La gitane préjugeait qu’ils erraient sans but, pourtant, aux portes du cimetière des Innocents, Alphonse avait tiré son bras. Surprise de l’étrange destination, elle n’avait cependant rien objecté et intriguée, s’était laissée guider entre les stèles s’érigeant sans ordre apparent jusqu’à ce que devant l’une d’elle, le Chat s’arrête, là, devant une tombe que rien n’aurait distinguée des autres si ce n’était l’épitaphe. Alors elle comprit et serra Antoine plus fort encore dans ses bras. Si Alphonse avait déjà baissé sa garde sur les toits de Notre Dame, jamais rien n’avait étincelé d’une telle confiance, et elle fut à ce point ébranlée d’être invitée dans cette intimité farouche que même les tiraillements intempestifs d’Antoine sur ses cheveux s’effilochèrent le temps d’une respiration.
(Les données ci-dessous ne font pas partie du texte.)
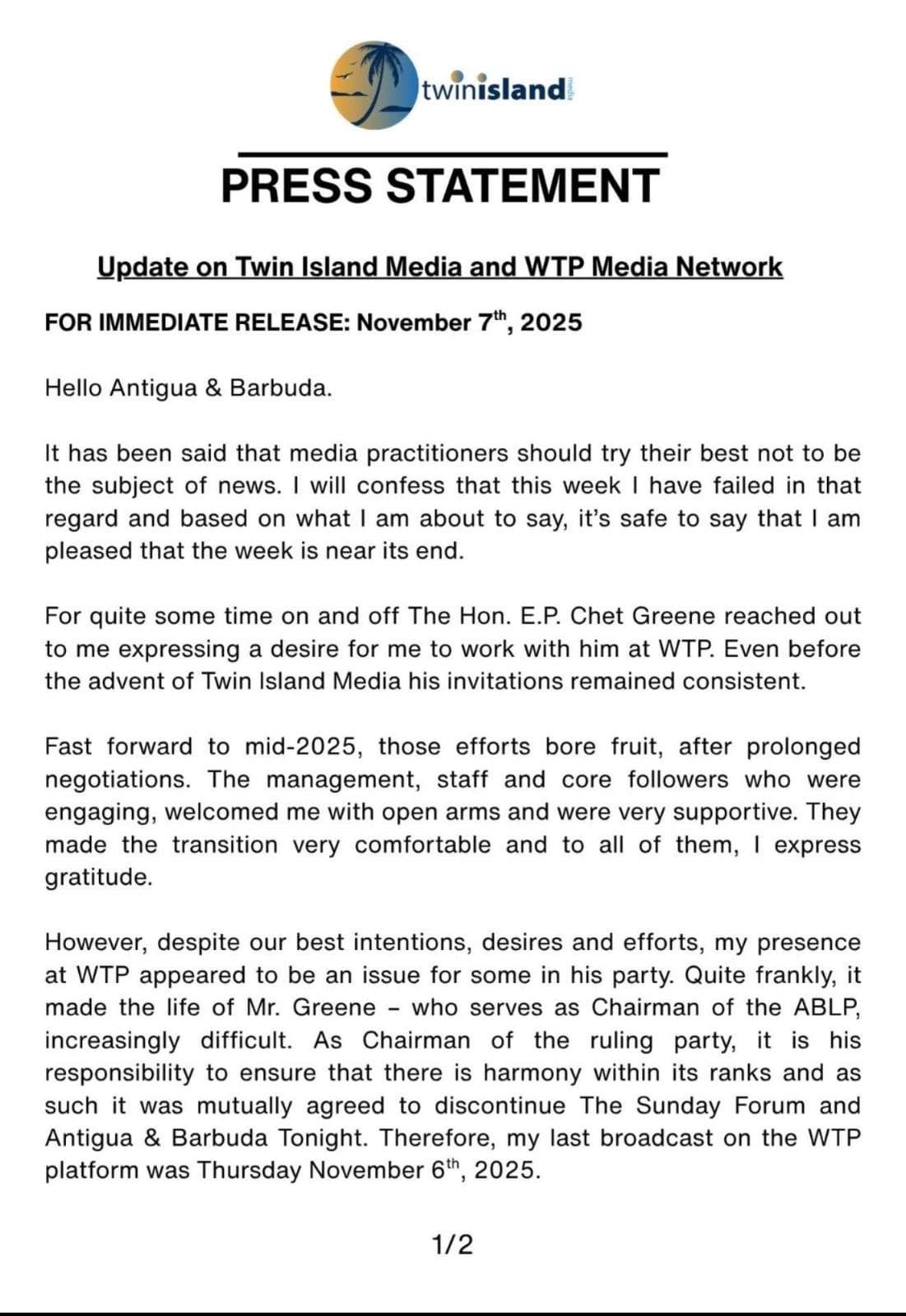 In a detailed resignation letter released last night, Matthew-Ward confirmed that his final broadcast on the WTP platform took place on Thursday, November 6, 2025. He explained that the decision to discontinue his programmes was mutually agreed upon, following discussions with Foreign Affairs Minister and ABLP Chairman, Hon. E.P. Chet Greene.

En retrait, se mordant la lèvre, elle le regarda faire, et sans qu’il ne prononce la moindre parole, elle entendit chaque aveu. Ainsi donc, était-ce cela, faire son deuil. Retirer un bijou et le déposer sur une tombe. Sobrement, sans plus de colère ni d’amertume, ni même vraiment de tristesse. Juste une douce mélancolie.

Pourtant, malgré le calme, malgré le chamboulement de la silencieuse confidence éblouissante, une colère sourde la transperça le temps d’un battement de cils. Comment, cruel, osait-il agiter sous son nez ce qu’elle était incapable de faire ? Lui donner une gifle aurait été moins cuisant que de la mettre face à ses plaies que contrairement à lui, elle ne savait suturer intelligemment. Alphonse sortait la tête de l’eau, aimant jour après jour avec plus d’emphase, quand chaque jour passant Axelle haïssait l’Amour avec plus de véhémence encore que la vielle, preuve en était de ces flammes rousses qui léchaient son cœur dans une torture lancinante. Etrange constat quand leur connivence enflait au rythme du temps. Si semblables et si opposés. Deux êtres marchant dans des sens opposés et qui pourtant enlaçaient leurs doigts avec toujours plus de vigueur. Foudre colérique bien chimérique qu’un hoquet d’Antoine suffit à avaler en un ressenti nébuleux jusqu’à l’oubli. Au diable l’égoïsme tout puissant quand Alphonse était enfin en paix malgré ses traits encore fatigués.

« Excuse-moi de t’avoir fait attendre. »


Ce fut un sourire posé qui l’accueillit alors que la dextre saisie se voyait déjà enchevêtrée de doigts bruns et avides de l’enchainer. Petit geste anodin qui entre eux n’avait rien d’insignifiant. Symbole s’il en était du point d’encrage de la Gitane, lui indiquant le nord même si le sud, l’est et l’ouest se paumaient lamentablement. Aux excuses, elle secoua négligemment la tête même si l’ombre menaçait. Qu’importaient quelques minutes d’aveuglement quand il sortait d’un an de lutte douloureuse. Alors, un brin menteuse, elle lança faussement débonnaire, Prenons une voiture, sinon c’est à ton fils qu’tu devras présenter des excuses quand y ferra savoir être affamé ! Et se haussant sur la pointe des pieds, musela toute réponse possible d’un baiser mutin.